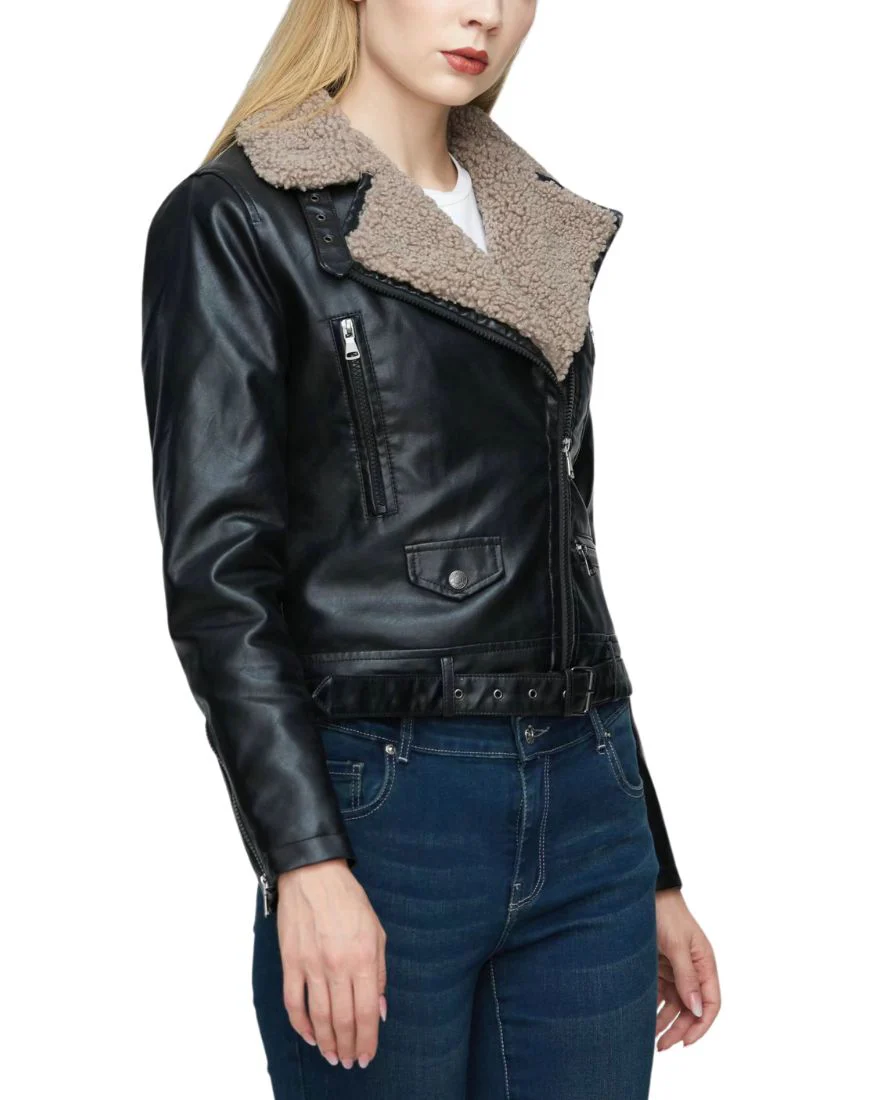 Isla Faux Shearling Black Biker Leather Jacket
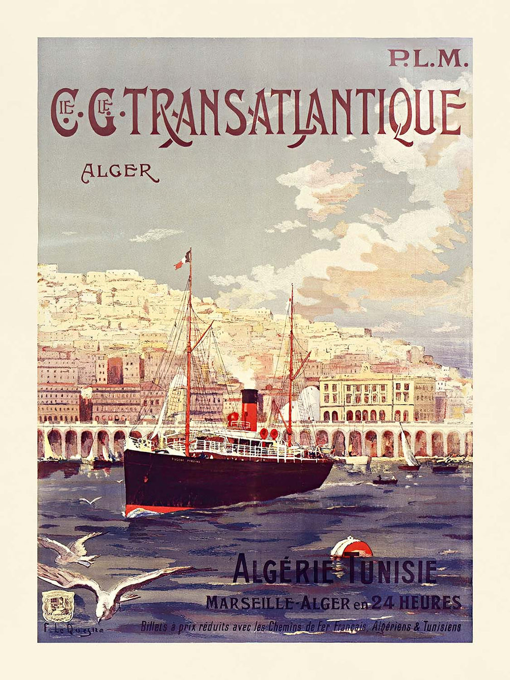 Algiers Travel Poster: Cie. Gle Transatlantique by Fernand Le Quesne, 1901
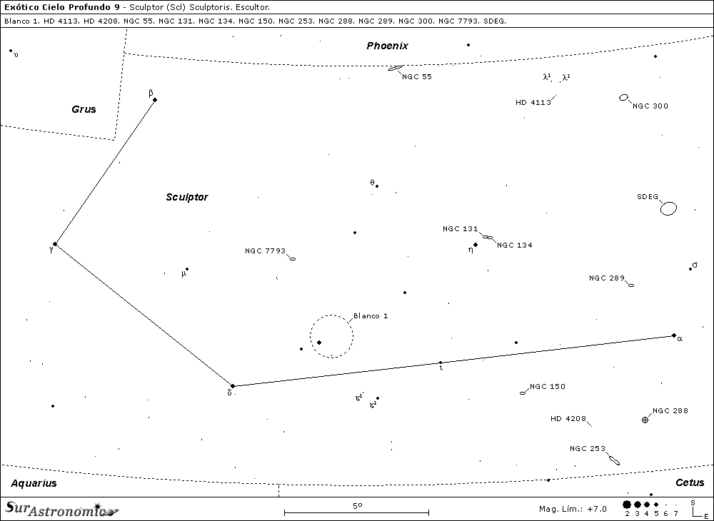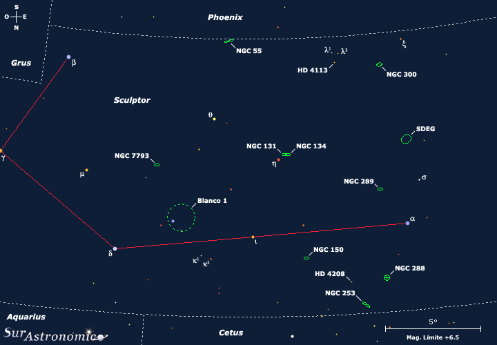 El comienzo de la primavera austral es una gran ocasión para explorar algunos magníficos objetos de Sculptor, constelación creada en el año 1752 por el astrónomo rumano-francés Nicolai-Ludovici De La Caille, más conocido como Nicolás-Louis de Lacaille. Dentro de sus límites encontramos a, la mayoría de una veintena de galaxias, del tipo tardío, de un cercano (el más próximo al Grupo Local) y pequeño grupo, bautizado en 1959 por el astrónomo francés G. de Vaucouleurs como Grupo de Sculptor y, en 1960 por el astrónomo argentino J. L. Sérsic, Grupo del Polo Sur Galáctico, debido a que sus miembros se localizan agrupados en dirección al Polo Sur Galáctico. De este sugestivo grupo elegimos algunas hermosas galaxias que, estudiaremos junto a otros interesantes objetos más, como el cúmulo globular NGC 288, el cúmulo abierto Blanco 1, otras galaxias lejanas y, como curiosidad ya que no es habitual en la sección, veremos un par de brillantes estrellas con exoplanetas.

--

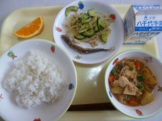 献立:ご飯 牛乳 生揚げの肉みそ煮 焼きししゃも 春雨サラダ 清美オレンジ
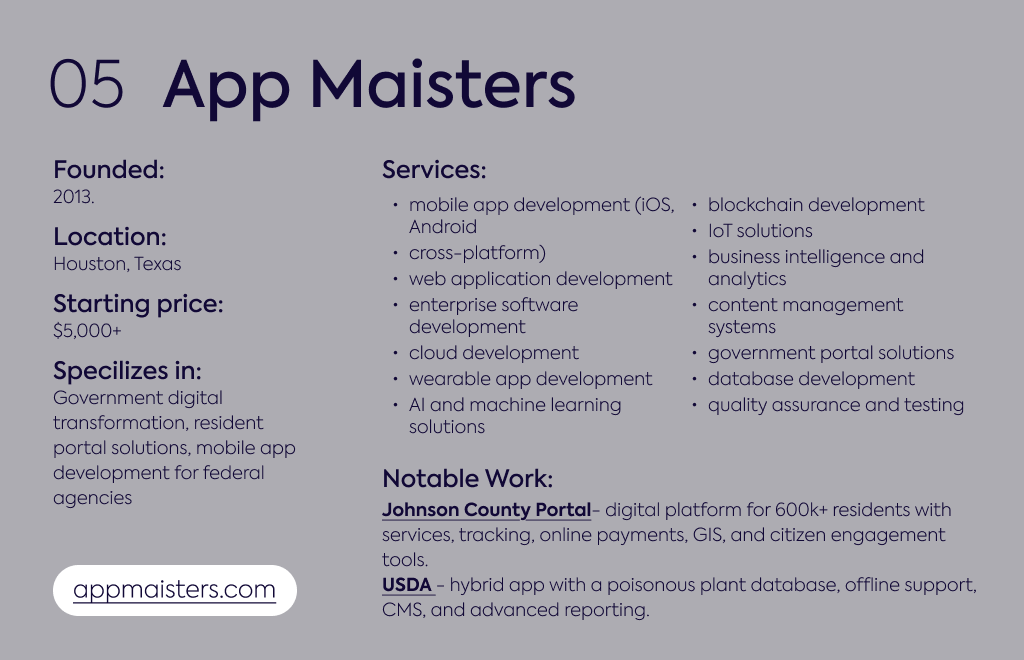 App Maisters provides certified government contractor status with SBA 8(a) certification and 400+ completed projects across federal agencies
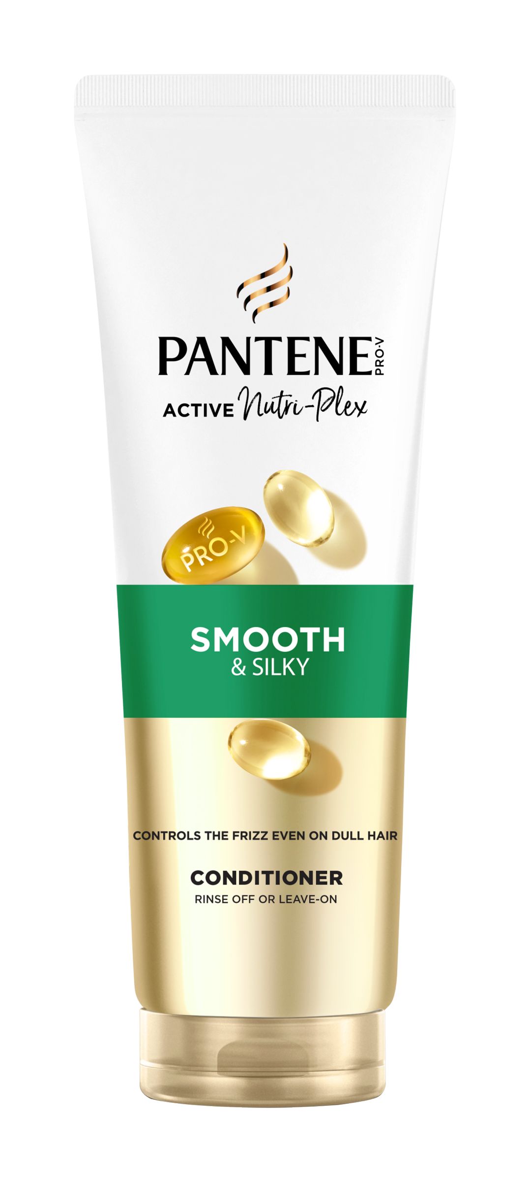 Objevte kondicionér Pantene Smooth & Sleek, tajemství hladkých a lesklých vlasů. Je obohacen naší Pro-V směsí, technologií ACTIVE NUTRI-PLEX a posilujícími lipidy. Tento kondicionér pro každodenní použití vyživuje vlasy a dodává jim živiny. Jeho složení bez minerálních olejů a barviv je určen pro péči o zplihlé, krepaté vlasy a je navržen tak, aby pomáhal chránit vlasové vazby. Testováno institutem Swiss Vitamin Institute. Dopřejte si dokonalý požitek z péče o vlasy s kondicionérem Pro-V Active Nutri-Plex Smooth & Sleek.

--

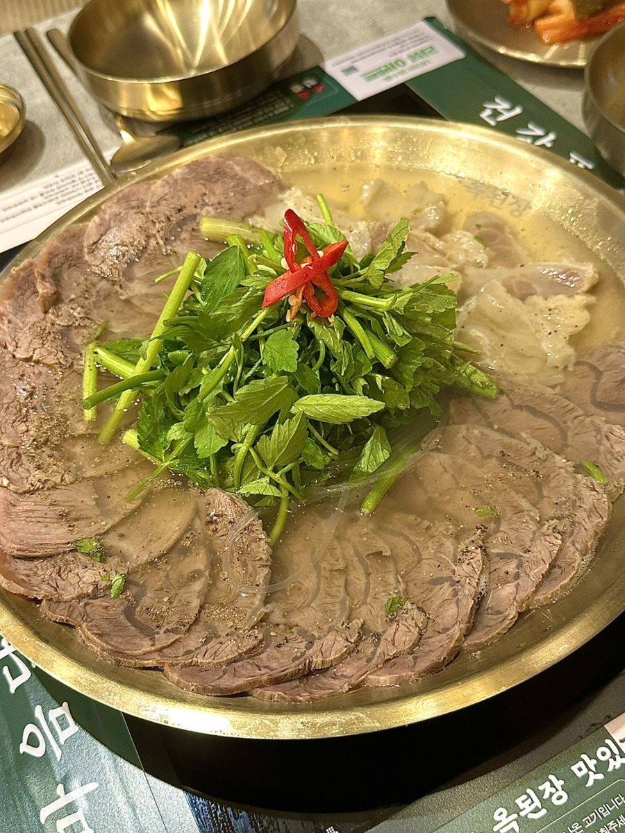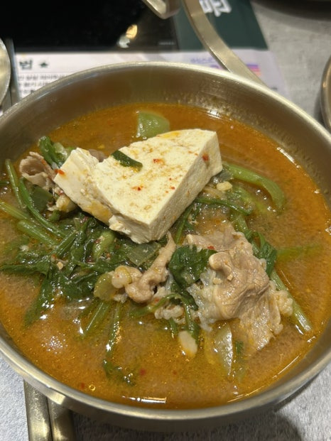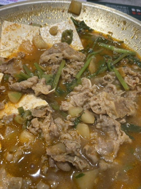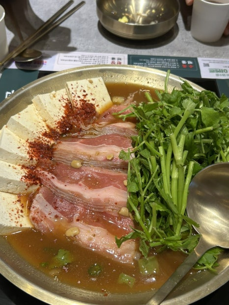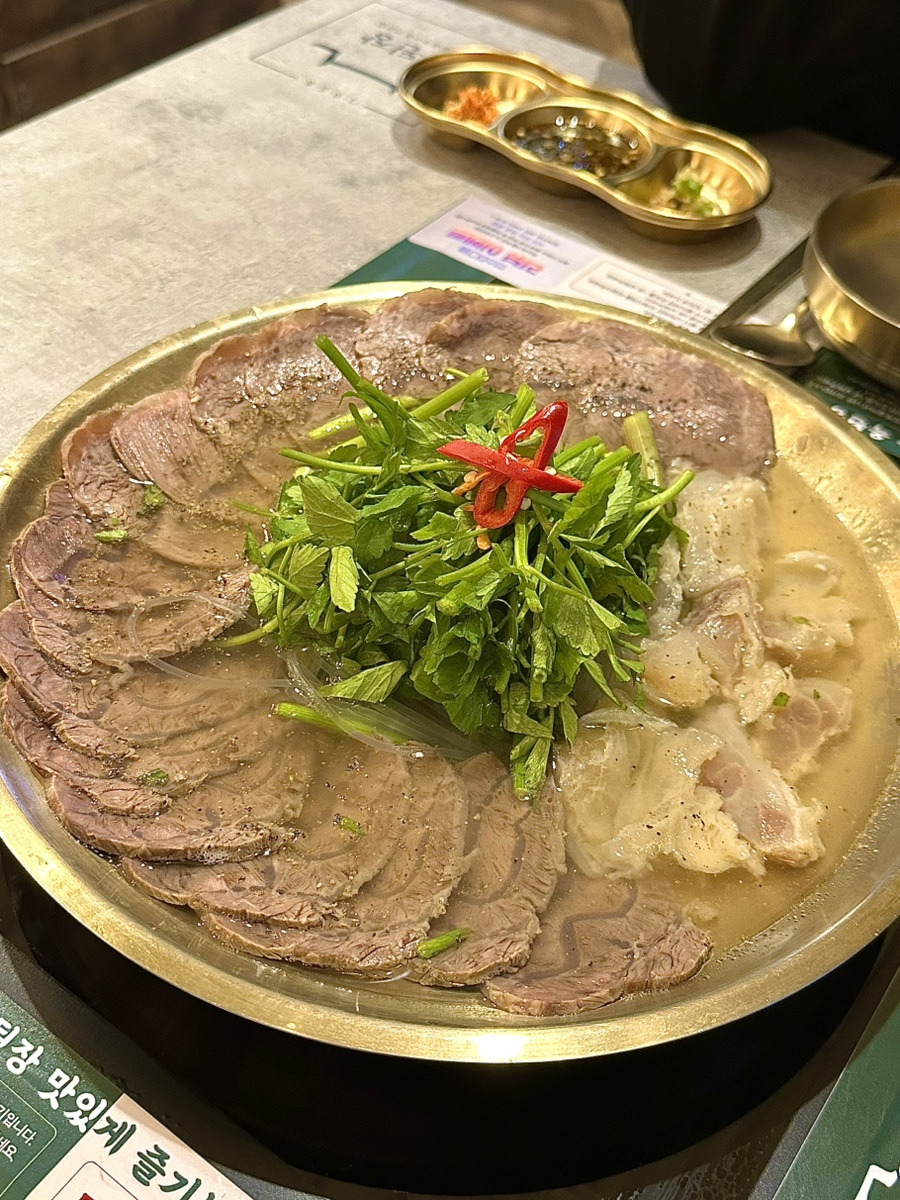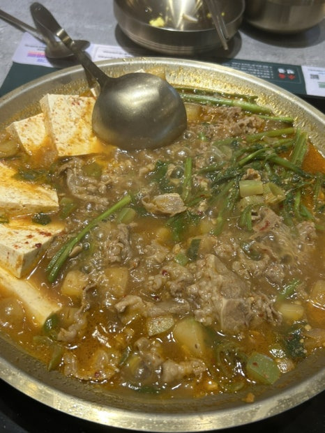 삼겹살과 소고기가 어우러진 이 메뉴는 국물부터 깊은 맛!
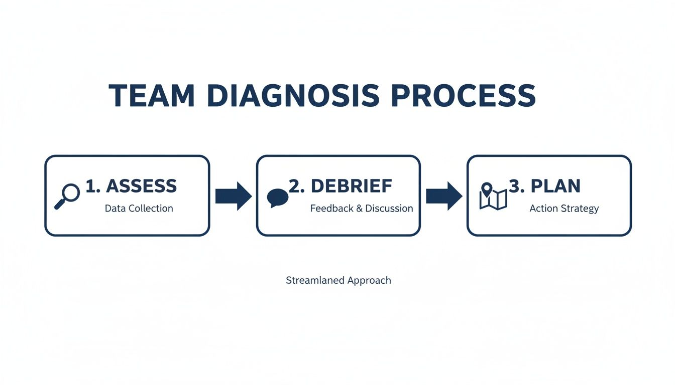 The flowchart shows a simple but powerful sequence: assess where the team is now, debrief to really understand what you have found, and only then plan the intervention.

Problem details ▸
Copy back exactly the lines above from the one containing "삼겹살과 소고기가 어우러진 이 메뉴는 국물부터 깊은 맛!" through the one containing "The flowchart shows", and leave every picture behind.

Exercise answer ▸
 삼겹살과 소고기가 어우러진 이 메뉴는 국물부터 깊은 맛!
 The flowchart shows a simple but powerful sequence: assess where the team is now, debrief to really understand what you have found, and only then plan the intervention.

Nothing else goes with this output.